1. Introduction & Objective

1.1 Introduction to Deepfakes and Detection

Deepfakes are videos of a human subject where the person’s facial features are altered or swapped with another person’s face in order to “change” a person’s identity. One common application is videos where a person’s face is exchanged for another such that it seems as though another person is speaking (also known as identity manipulation)[4]. The technology has been developed and improved to the point where deepfaked videos and images may be completely indistinguishable from their real counterparts. They are developed using GANs highly sophisticated minimax methods [3]. This technology is highly deceptive and may pose as a severe security, so researchers are working on deepfake detection: a method to determine whether a given sample is or is not a deepfake. In essence, deep learning has paved the way for deepfakes, but along the same vein, measures need to be created to to ensure that the technology can be limited.

1.2 Objective

In this study, we will be using MesoNet (see next section for more detailed information about the model) to improve deepfake detection holistically.
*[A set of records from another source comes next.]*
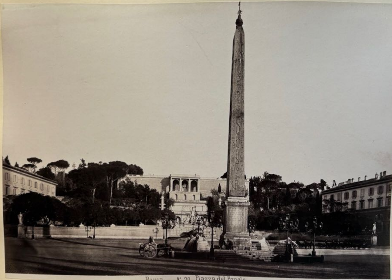
Roma - n° 20 Piazza del Popolo
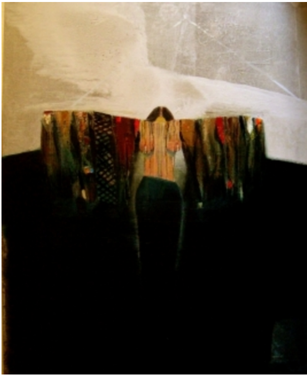
Sacrifice, 2006 Oil on Canvas, 130x160
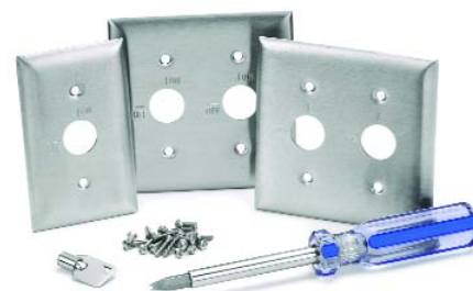
Wall Plates and Accessories
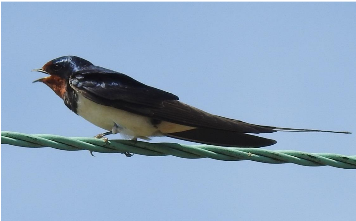
Above: Swallow on a wire

Back at the farm, we sat in the gorgeous insect-friendly garden, enjoying refreshments laid on by Sue, before examining the contents of Rob's moth trap, which he'd set up for us the night before.
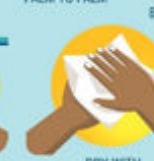
DRY WITH A SINGLE USE TOWEL
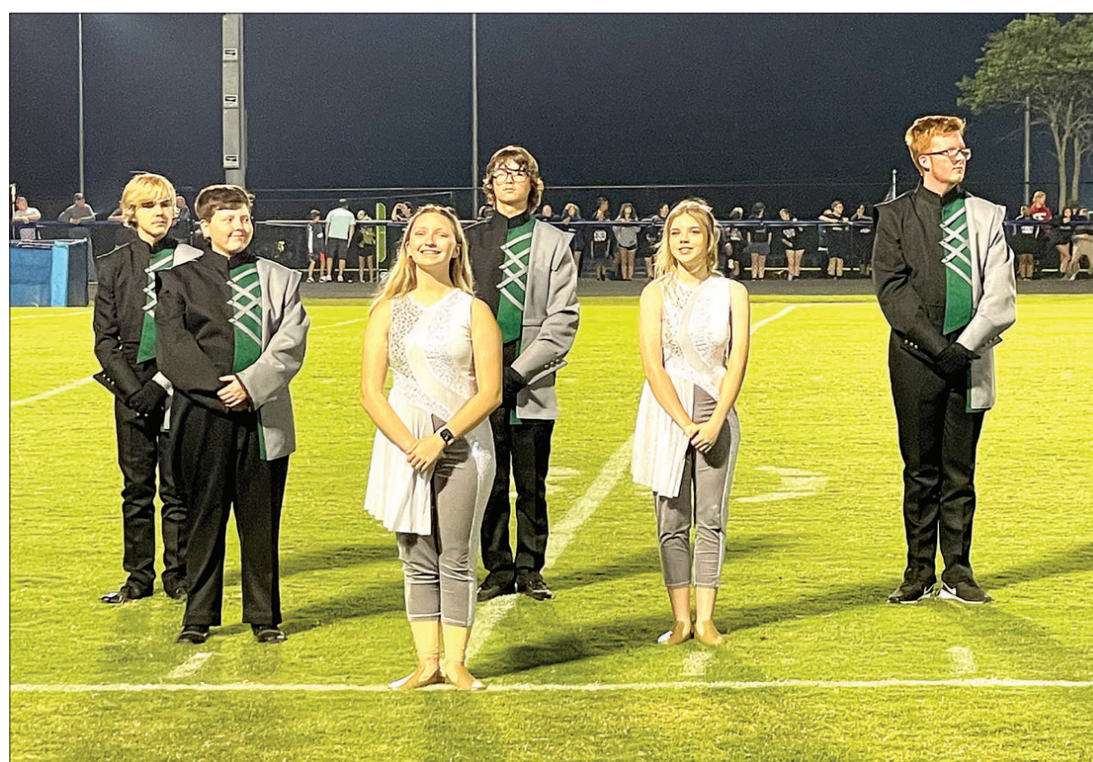
GCHS Band members await the presentation of awards at the South Central Kentucky Marching Band Classic Saturday evening in Glasgow.

“We got a lot of great feedback from the judging panel to improve our performance going into the Cow Bowl and our
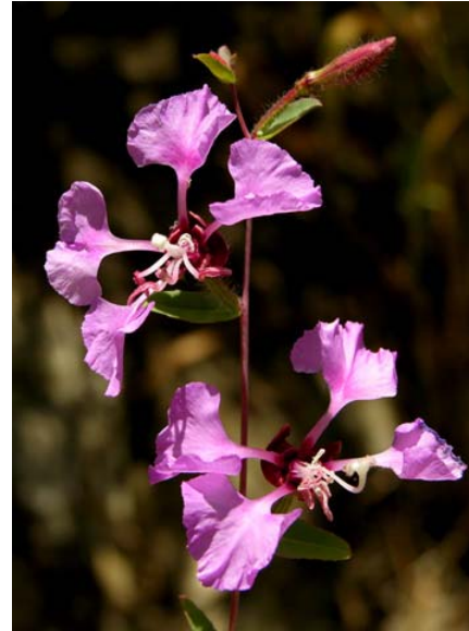
Elegant Clarkia Clarkia unguiculata Native Annual Evening Primrose Family
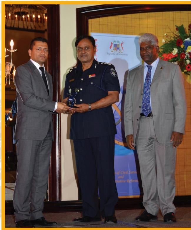
Police Planning and Reforms Unit
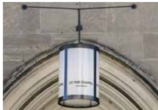
At The Chapel
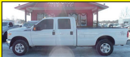
2015 FORD F250 SUPERDUTY LOADED, Stk. #7875 $29,495
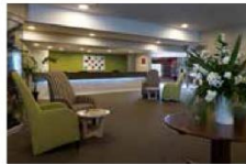
ROTORUA Sudima Hotel Lake Rotorua
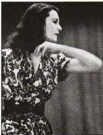
VIVIEN LEIGH, absorbed in her role, rehearses "Screen Guild Theater" appearance October 13
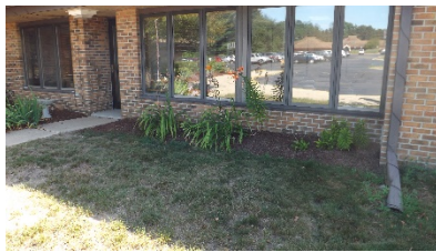
20 – Comm Ctr, Window
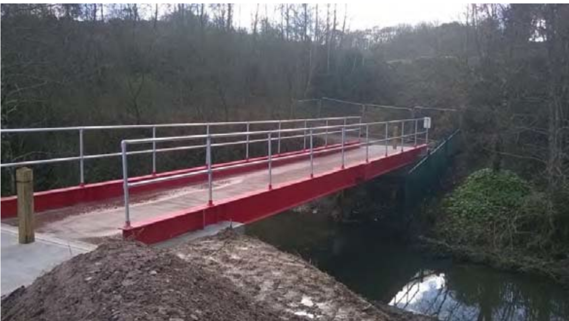
Figure 7. Reuse of the old weighbridge linking the park to the eastern river walkway
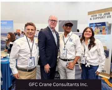
GFC Crane Consultants Inc.
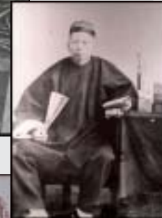
"Lung On of John Day"
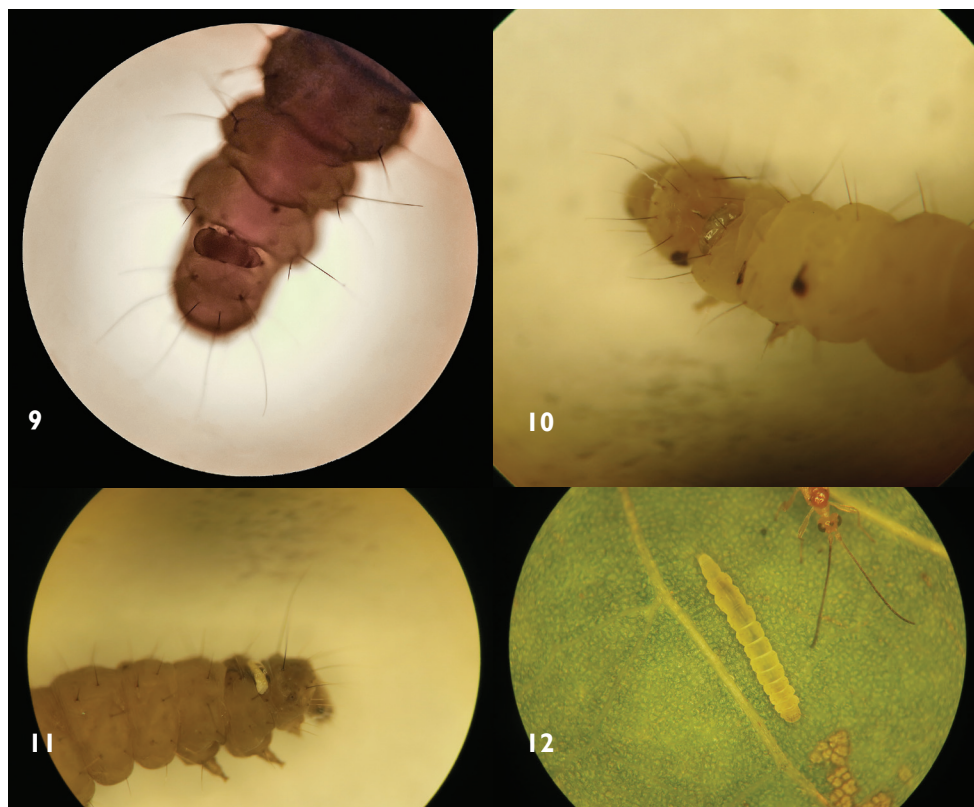
Figures 9–12. Pseudavga flavicoxa with final instar larval host Bucculatrix thoracella . 9–11 egg on intersegmental membrane behind prothorax of host 12 adult female parasitoid ignoring host.

fluid that appeared in the tube, and three adults suffering this fate were dissected (8, 9 and 12 days after 10.x.2014, when they had started to feed on dilute honey). The dissections hardly differed, each showing a single egg nearing maturity in each of the two ovarioles of the paired ovaries (i.e. 4 eggs in advanced ovigenesis, Figure 13), but with little sign that other eggs would follow. No egg had entered the oviduct per se, and it was unclear whether they were ready for oviposition or, conceivably, being resorbed. It does, however, seem certain that if eggs were going to be ready for oviposition from these females in October 2014, the period from 10.x.14 to (maximally) 25.x.2014, during which they had been warm, fed ad libitum, and given access to hosts, was long enough for them to have become so. Thus it was surprising that no ovipositions were obtained, especially as the adult female parasitoids showed no sign of behaviour suggesting that they might overwinter as adults (it has not, however, escaped notice that none of the adults of Pseudavga seen has unequivocally overwintered in a host cocoon).

The quality of the data used to both train and test deep learning models is vital to their ability to perform in real world scenarios where deepfake detection is crucial to security and integrity.

One primary objective of this study is to explore existing deepfake datasets and other image datasets based on their effectiveness in use with MesoNet. This is done by training and testing MesoNet on datasets and evaluating its performance using statistics. Model performance will be compared across different datasets.

Another primary objective is to then take the datasets that caused MesoNet to perform well and perform statistical analyses on these datasets to find commonalities or shared characteristics between them. The goal is to uncover whether there are certain traits that may be correlated to better performance with the MesoNet model. Characteristics such as color distribution, contrast, brightness, and entropy are to be used to make these observations. In this way, developers of deepfake detection models in the future may be informed of factors to be watchful of when using datasets to develop their own models.

SampleDeepfake

Fig 1. Sample deepfake original (left) and deepfake (right) [1].

2. About MesoNet and Model Design

2.1 How Deepfakes are Created

Deepfakes are generated using auto-encoders, where data is compressed using a shared encoder to reduce computational complexity. To restore the original data, the compressed data is passed through a decoder. In order to create a deepfake, an image is restored according to the decoding of the compressed version of another image [1].


DeepfakeGeneration

Fig 2. Deepfake Generation Using Encoders and Decoders [1].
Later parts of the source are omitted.